On a desktop that is mildly annoying. On a Windows tablet it is extremely
annoying, because the onscreen keyboard closes when the focus leaves the text
entry field.

For Chrome startup you can fix this by changing the startup page from the new
tab page to a specific URL, and simply give the URL for the Google front page
as that specific URL.

But Chrome doesn't seem to have a way to set the new tab page itself to start
at a specific URL (without installing a third party extension) so you still
have this focus changing idiocy on subsequent tabs.

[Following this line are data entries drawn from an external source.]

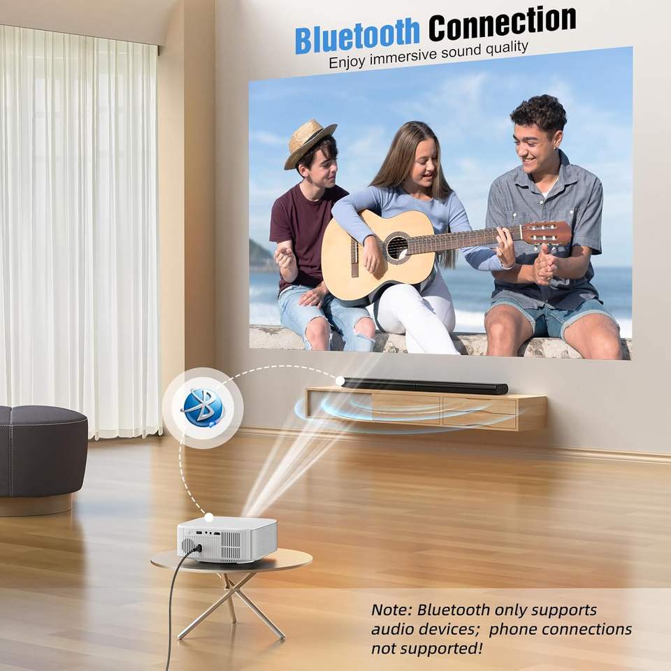 HAPPRUN Outdoor Movie Projector Native 1080P HD with Short Throw for Bluetooth Compatibility US Plug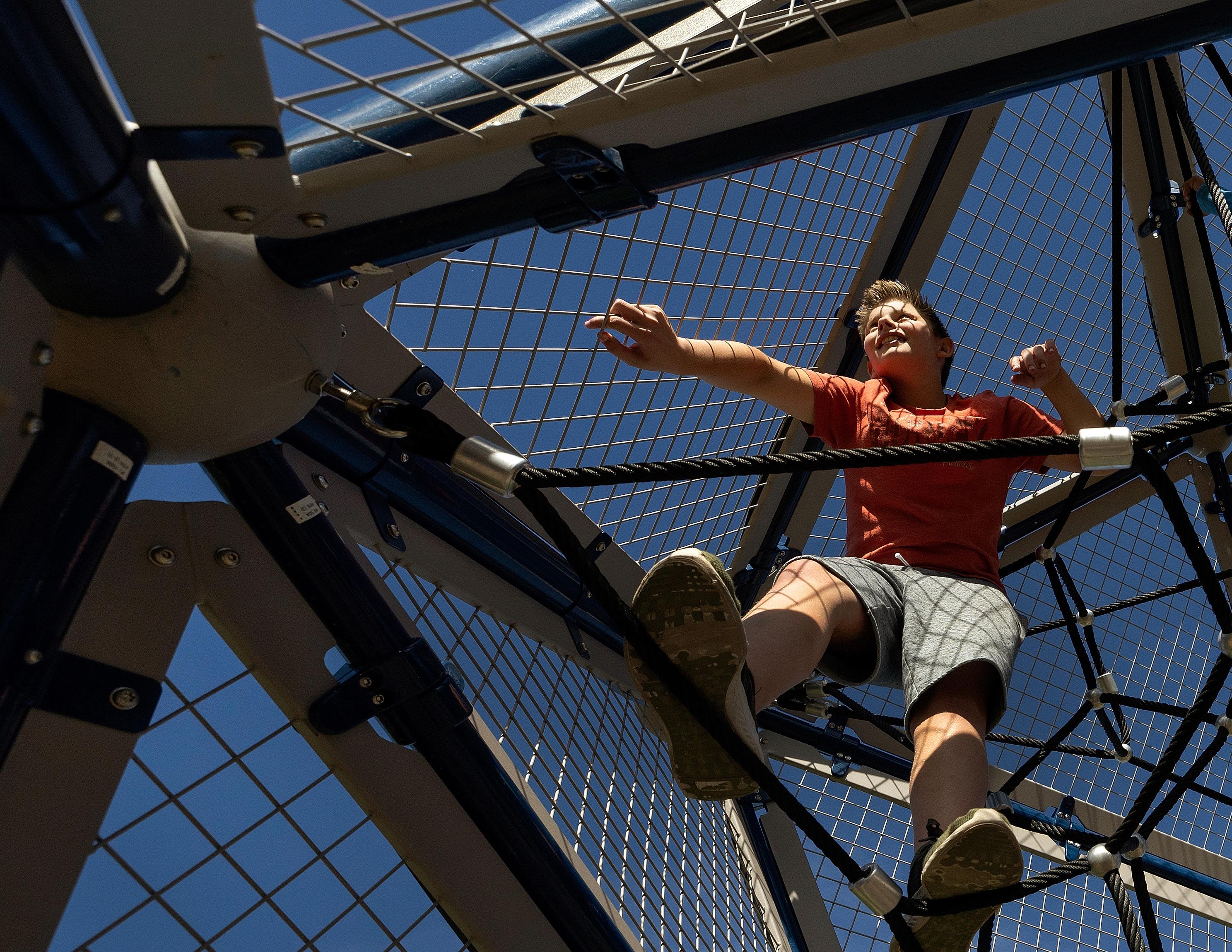 VistaRope® makes it fun and easy to design a play environment everyone will enjoy. Choose from our preconfigured dome or multi-sided climbers, net towers that stretch more than three stories tall, or the industry’s first inclusive climber with a transfer platform and accessible route of exploration.
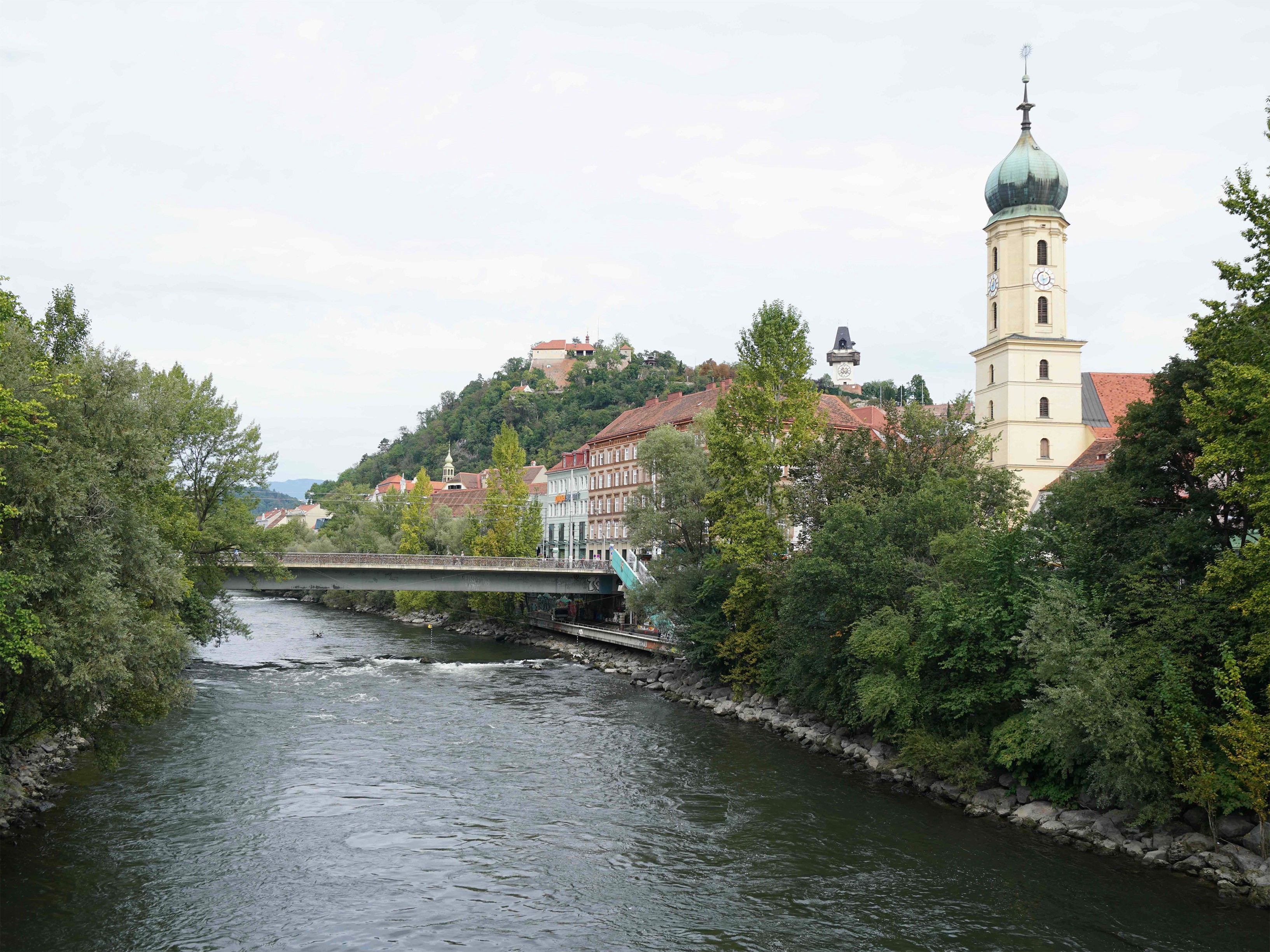 グラーツの気ままな街歩きはここからスタート ムール川にかかる橋

A further Chrome annoyance on Windows tablets: if you tap the address bar to
bring up the virtual keyboard and then try to paste something by typing CTRL
and then V (CTRL on the virtual keyboard acts as a one-shot CTRL lock, so you
can invoke control keys with one finger), Chrome somehow loses the CTRL part,
and you get a "V" in the address bar. If you then backspace, and try CTRL V
again it works.

------
dsego
The biggest problem with modern tech for me is that it almost never works as
advertised. A lot of times it's just there to tick a box on the marketing
material. The most recent example, got myself a new Fuji camera and it has
bluetooth and wireless and a smartphone app and theoretically you can transfer
your pictures wirelessly (but not over a physical usb cable). I'd rather it
didn't have these features, because it's not reliable, sometimes it won't work
at all, other times it takes too long to connect, it's a mess and I have no
time in my life to deal with this crap anymore.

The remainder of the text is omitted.